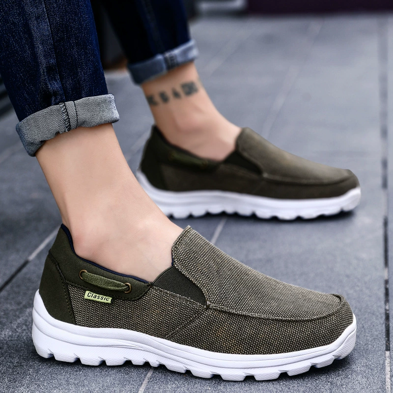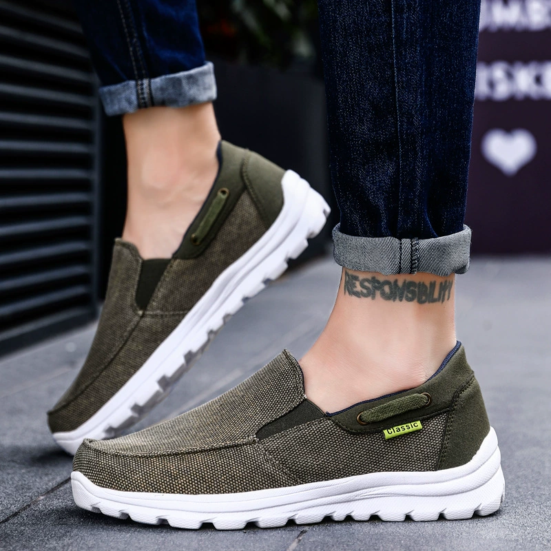 Мужские парусиновые туфли, легкие дышащие Лоферы без шнуровки, осен...
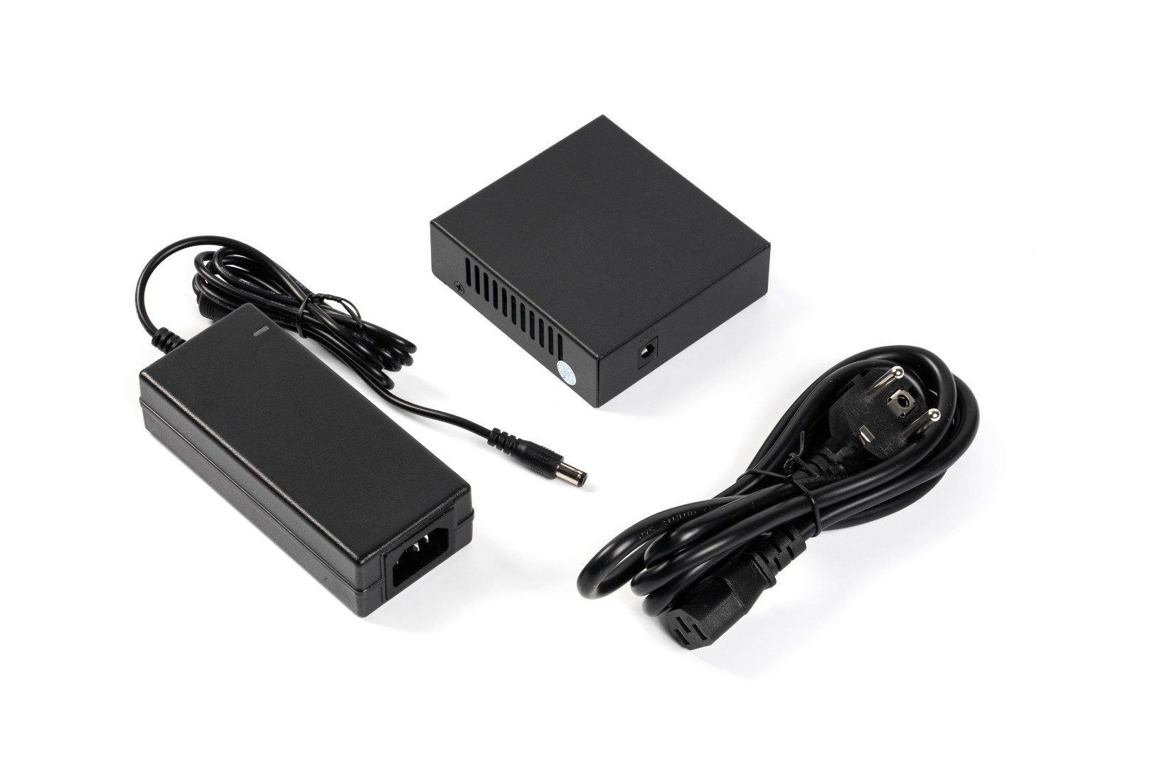 - Поддержка питания для устройств PoE, таких как точки доступа и камеры видеонаблюдения, подключенных по кабелям Ethernet Cat 5e/6.
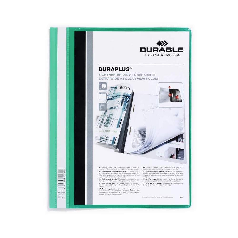 Durable Duraplus Carpeta de Fastener - Para Formato A4+ - Compartimento Interior - Tapa Posterior de Color Verde
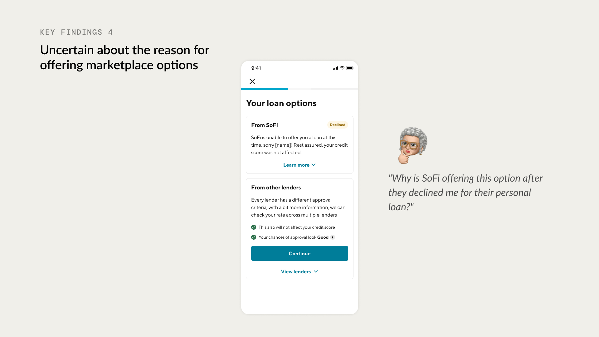 4. Uncertain about the reason for offering marketplace options: Users want to know why SoFi is recommending other lenders when they are unable to provide a personal loan.
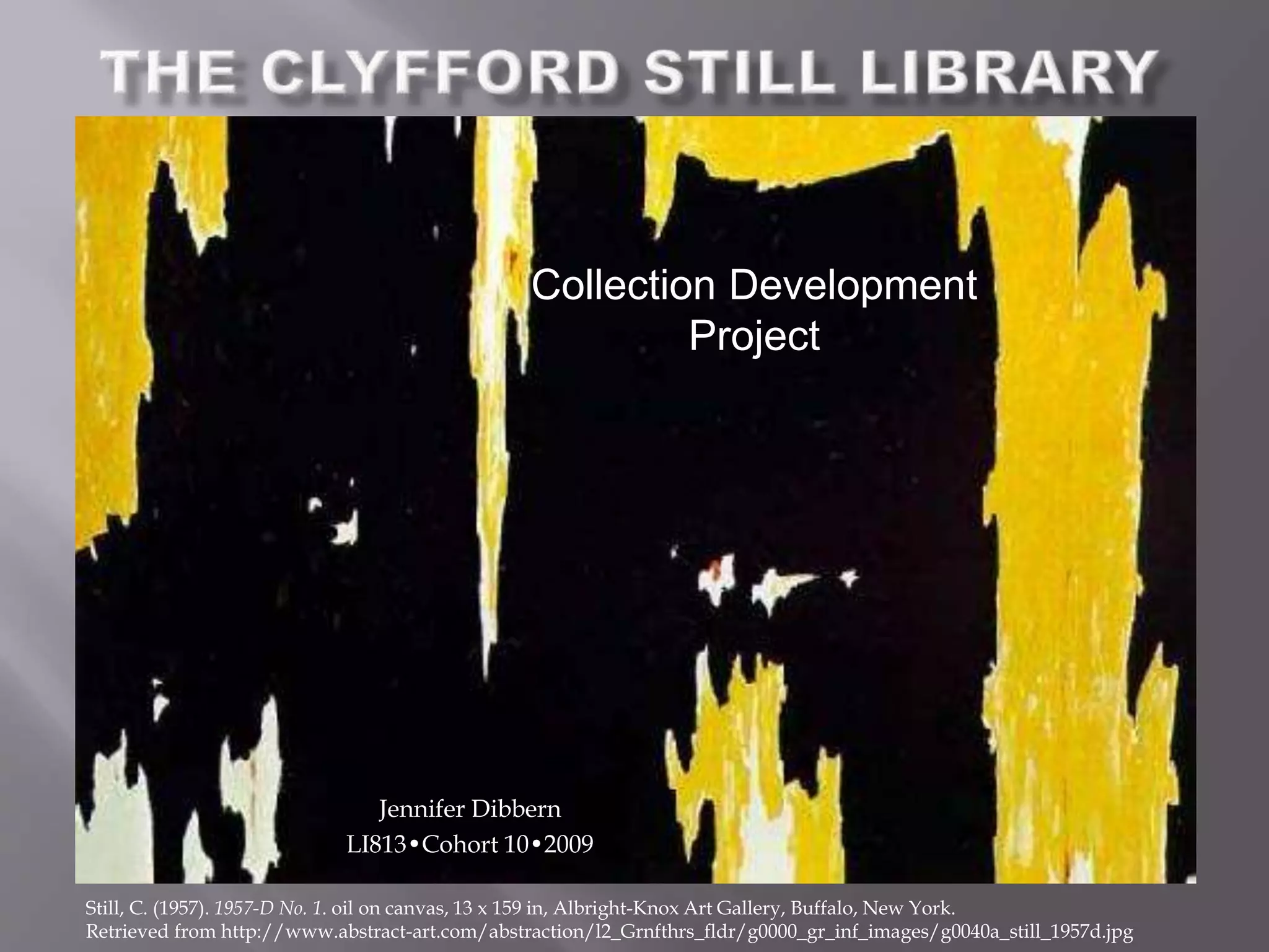 Jennifer Dibbern LI813•Cohort 10•2009 CollectionDevelopment Project Still, C. (1957). 1957-D No. 1. oil on canvas, 13 x 159 in, Albright-Knox Art Gallery, Buffalo, New York. Retrieved from http://www.abstract-art.com/abstraction/l2_Grnfthrs_fldr/g0000_gr_inf_images/g0040a_still_1957d.jpg
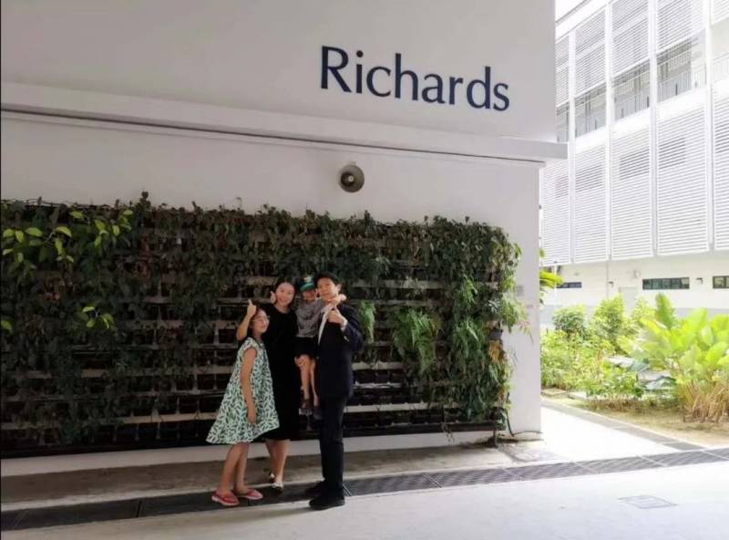 乐赛小学有一栋楼的名字正好是弟弟的英文名,一家人开开心心“拍照纪念到此一游”
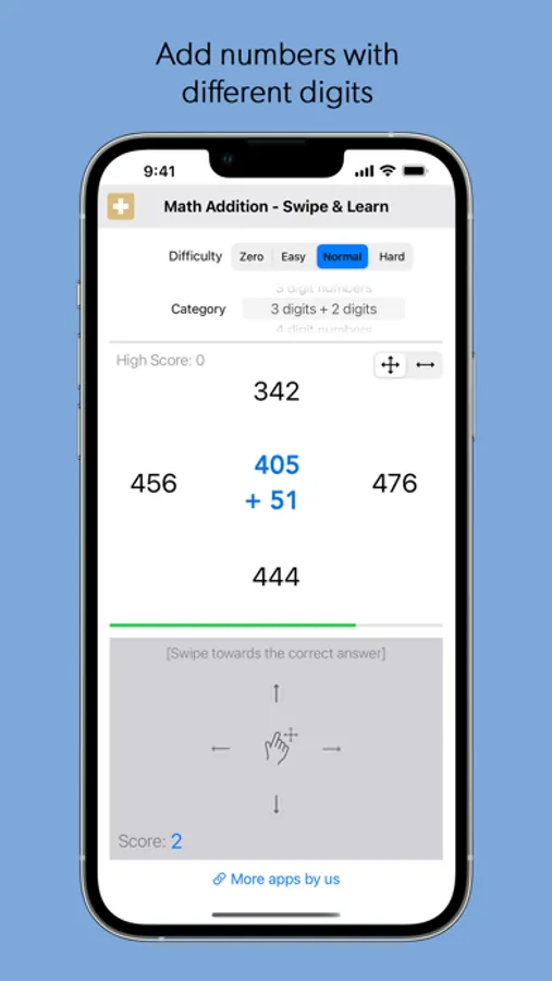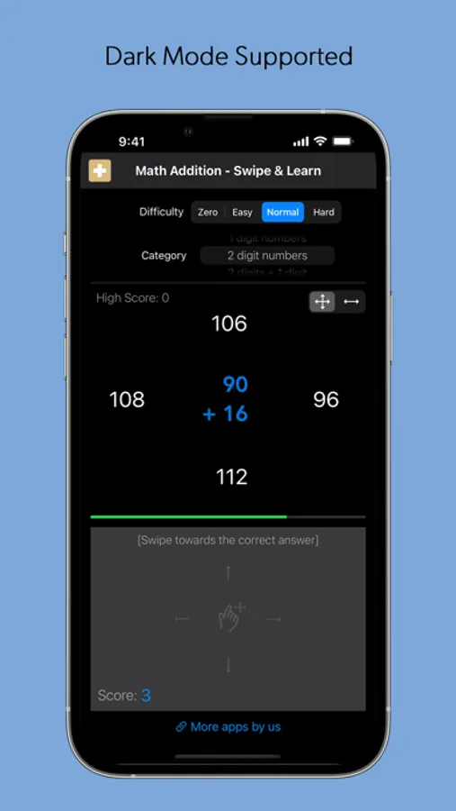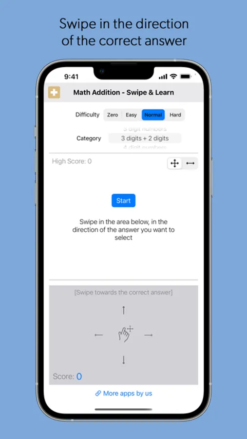 • High scores are maintained for each combination of difficulty level, category and swipe mode
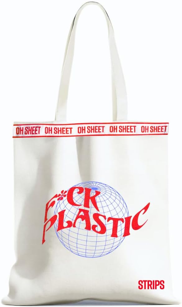STRIPS Oh Sheet Reusable Canvas Tote Bag 16x16 – Heavy Duty 55lbs Capacity – Premium 6oz Cotton – Eco-Friendly, Stylish, Durable – Shopping, Work, DIY, Gift Bag (1 Pack)
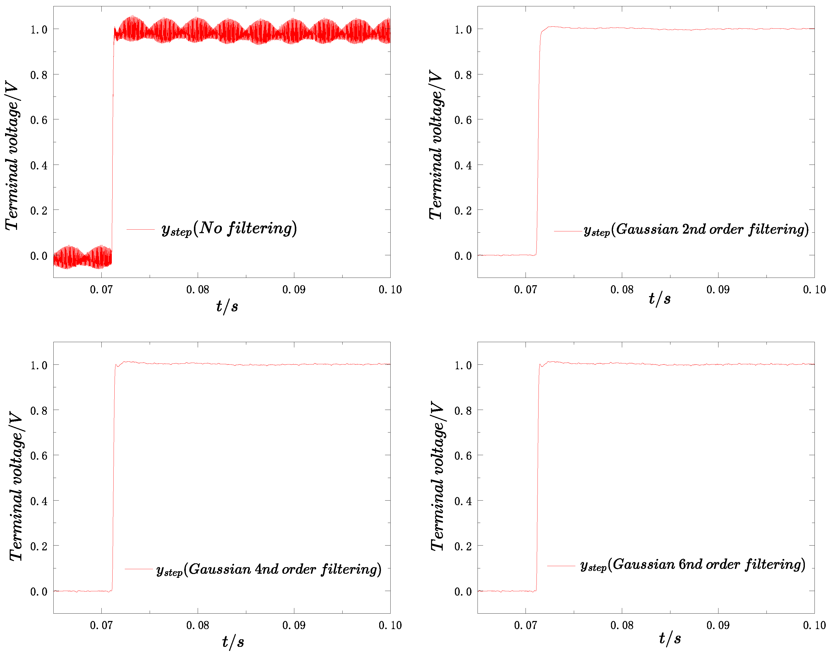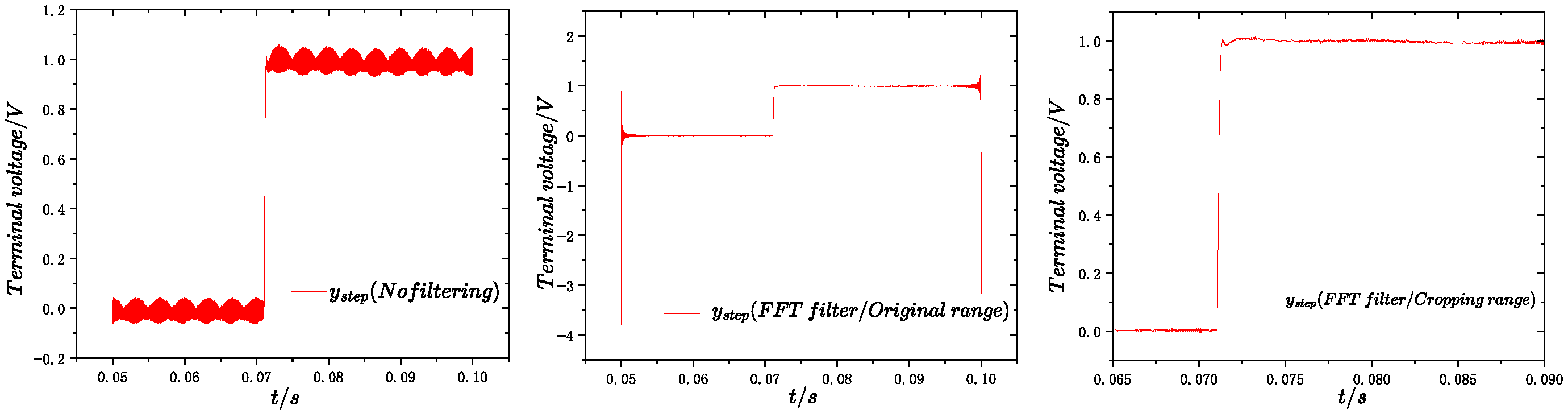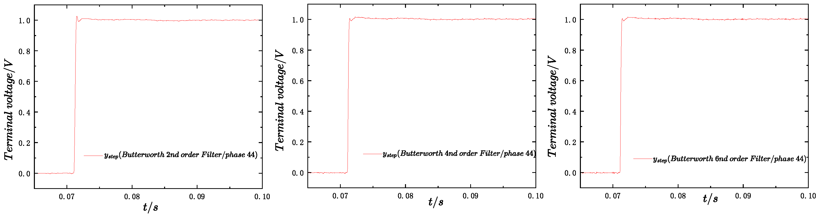 45]. To avoid aliasing distortion in digital filtering, oversampling is required before filtering. In this study, an 8× oversampling rate is adopted to ensure alias-free signal acquisition. Additionally, selecting a sampling phase with reduced harmonic components further enhances the filtering performance. For analog filtering, downsampling must be performed after filtering to ensure complete suppression of ripple. Similarly, an appropriate sampling phase with low harmonic content is selected to optimize the filtering effect. Through these measures, both digital and analog filtering approaches are capable of generating a ripple-free and distortion-free step reference waveform, which serves as a reliable foundation for subsequent controller parameter optimization.

● ● ● ●

> [PROMPT]: Would you please give the material above again, unchanged but without pictures?

> [THE COMPLETED TASK]:
 Мужские парусиновые туфли, легкие дышащие Лоферы без шнуровки, осен...
 - Поддержка питания для устройств PoE, таких как точки доступа и камеры видеонаблюдения, подключенных по кабелям Ethernet Cat 5e/6.
 Durable Duraplus Carpeta de Fastener - Para Formato A4+ - Compartimento Interior - Tapa Posterior de Color Verde
 4. Uncertain about the reason for offering marketplace options: Users want to know why SoFi is recommending other lenders when they are unable to provide a personal loan.
 Jennifer Dibbern LI813•Cohort 10•2009 CollectionDevelopment Project Still, C. (1957). 1957-D No. 1. oil on canvas, 13 x 159 in, Albright-Knox Art Gallery, Buffalo, New York. Retrieved from http://www.abstract-art.com/abstraction/l2_Grnfthrs_fldr/g0000_gr_inf_images/g0040a_still_1957d.jpg
 乐赛小学有一栋楼的名字正好是弟弟的英文名,一家人开开心心“拍照纪念到此一游”
 • High scores are maintained for each combination of difficulty level, category and swipe mode
STRIPS Oh Sheet Reusable Canvas Tote Bag 16x16 – Heavy Duty 55lbs Capacity – Premium 6oz Cotton – Eco-Friendly, Stylish, Durable – Shopping, Work, DIY, Gift Bag (1 Pack)
 45]. To avoid aliasing distortion in digital filtering, oversampling is required before filtering. In this study, an 8× oversampling rate is adopted to ensure alias-free signal acquisition. Additionally, selecting a sampling phase with reduced harmonic components further enhances the filtering performance. For analog filtering, downsampling must be performed after filtering to ensure complete suppression of ripple. Similarly, an appropriate sampling phase with low harmonic content is selected to optimize the filtering effect. Through these measures, both digital and analog filtering approaches are capable of generating a ripple-free and distortion-free step reference waveform, which serves as a reliable foundation for subsequent controller parameter optimization.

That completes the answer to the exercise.